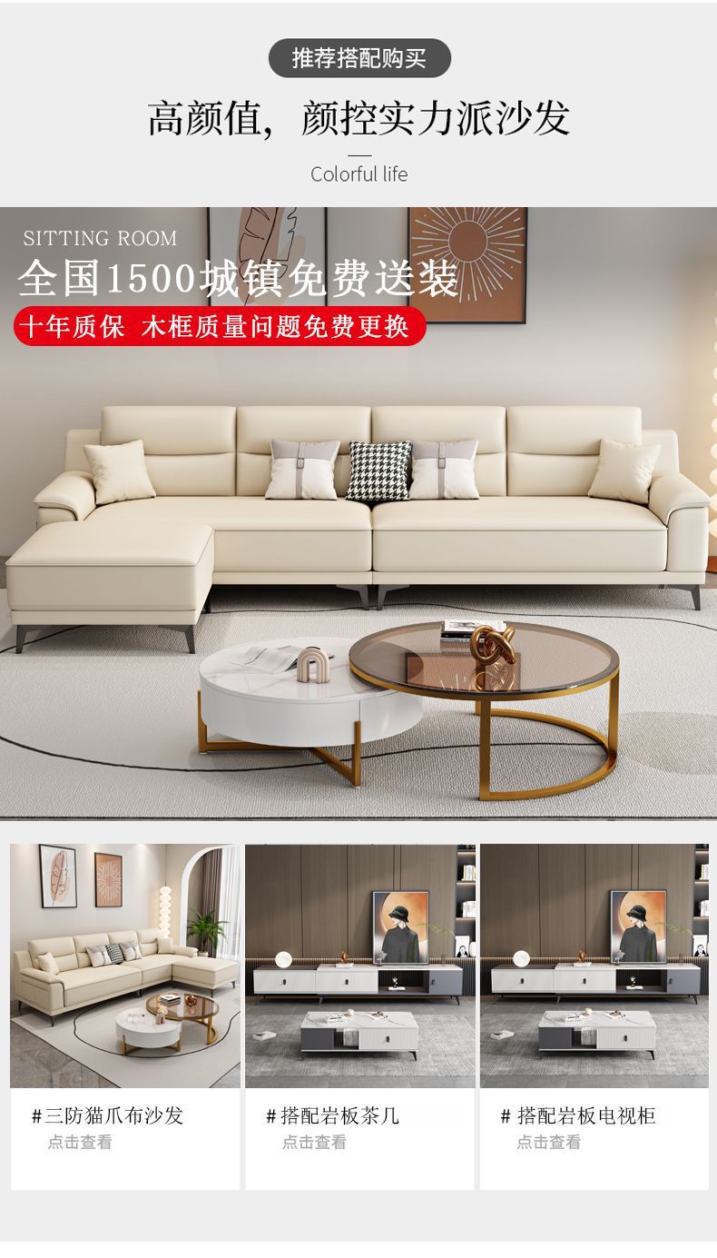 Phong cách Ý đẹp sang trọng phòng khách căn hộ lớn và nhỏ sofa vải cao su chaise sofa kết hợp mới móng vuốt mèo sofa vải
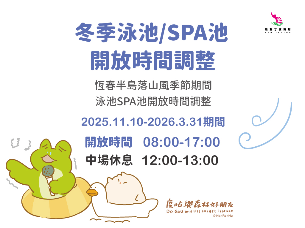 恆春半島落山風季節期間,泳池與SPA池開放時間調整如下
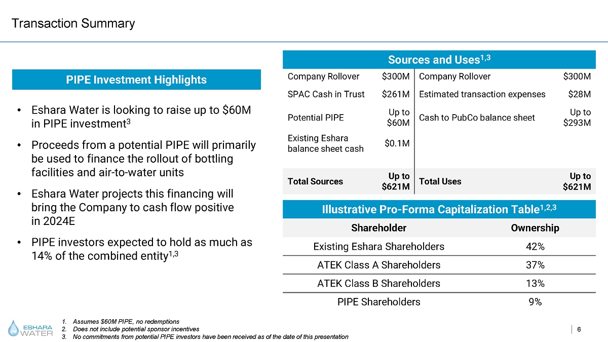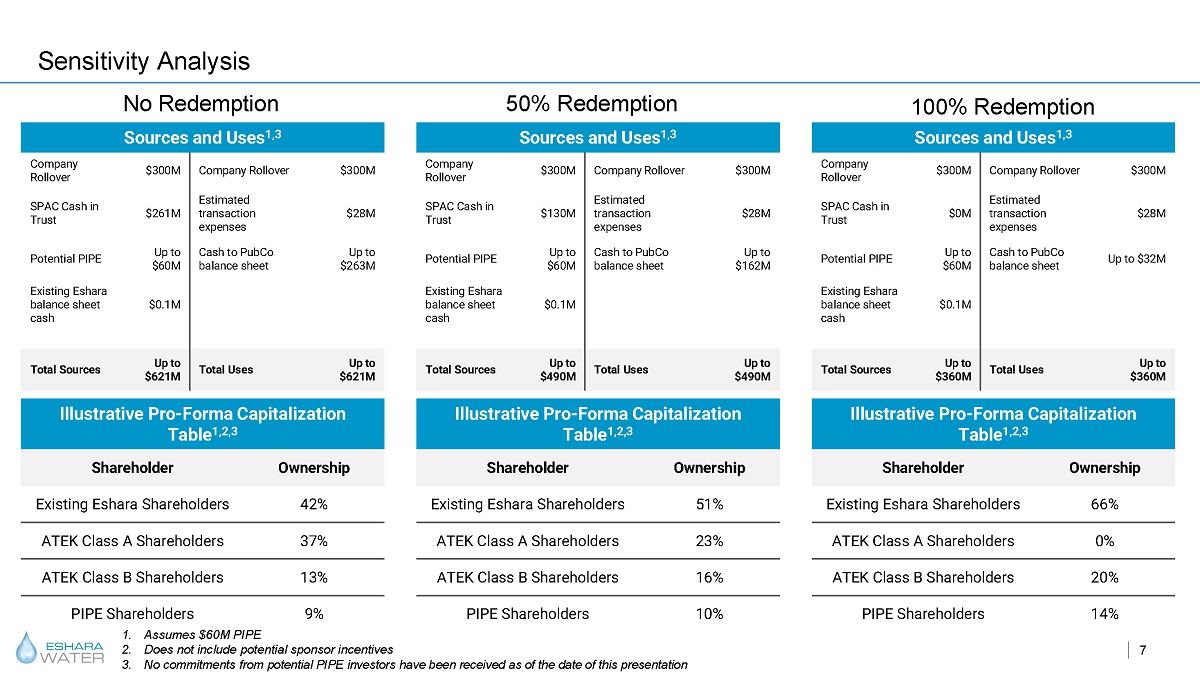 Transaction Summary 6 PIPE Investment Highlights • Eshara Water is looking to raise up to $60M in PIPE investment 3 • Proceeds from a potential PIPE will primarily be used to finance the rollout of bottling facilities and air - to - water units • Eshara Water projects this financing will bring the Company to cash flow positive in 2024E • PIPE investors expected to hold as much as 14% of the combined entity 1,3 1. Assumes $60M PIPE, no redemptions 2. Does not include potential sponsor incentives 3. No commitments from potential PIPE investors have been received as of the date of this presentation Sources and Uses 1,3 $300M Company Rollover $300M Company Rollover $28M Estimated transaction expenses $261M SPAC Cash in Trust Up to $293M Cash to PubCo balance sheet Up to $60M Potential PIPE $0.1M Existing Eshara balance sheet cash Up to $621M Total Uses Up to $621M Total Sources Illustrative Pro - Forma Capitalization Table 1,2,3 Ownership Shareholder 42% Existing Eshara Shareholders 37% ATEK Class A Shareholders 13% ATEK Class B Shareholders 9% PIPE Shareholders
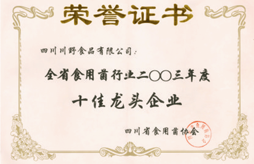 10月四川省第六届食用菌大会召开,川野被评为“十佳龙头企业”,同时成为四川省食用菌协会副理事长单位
####################
**WORK TASK**
Without the pictures, output the full listing exactly as it stands.

**SOLUTION FOR THIS TASK**
 Phong cách Ý đẹp sang trọng phòng khách căn hộ lớn và nhỏ sofa vải cao su chaise sofa kết hợp mới móng vuốt mèo sofa vải
 恆春半島落山風季節期間,泳池與SPA池開放時間調整如下
 Transaction Summary 6 PIPE Investment Highlights • Eshara Water is looking to raise up to $60M in PIPE investment 3 • Proceeds from a potential PIPE will primarily be used to finance the rollout of bottling facilities and air - to - water units • Eshara Water projects this financing will bring the Company to cash flow positive in 2024E • PIPE investors expected to hold as much as 14% of the combined entity 1,3 1. Assumes $60M PIPE, no redemptions 2. Does not include potential sponsor incentives 3. No commitments from potential PIPE investors have been received as of the date of this presentation Sources and Uses 1,3 $300M Company Rollover $300M Company Rollover $28M Estimated transaction expenses $261M SPAC Cash in Trust Up to $293M Cash to PubCo balance sheet Up to $60M Potential PIPE $0.1M Existing Eshara balance sheet cash Up to $621M Total Uses Up to $621M Total Sources Illustrative Pro - Forma Capitalization Table 1,2,3 Ownership Shareholder 42% Existing Eshara Shareholders 37% ATEK Class A Shareholders 13% ATEK Class B Shareholders 9% PIPE Shareholders
 10月四川省第六届食用菌大会召开,川野被评为“十佳龙头企业”,同时成为四川省食用菌协会副理事长单位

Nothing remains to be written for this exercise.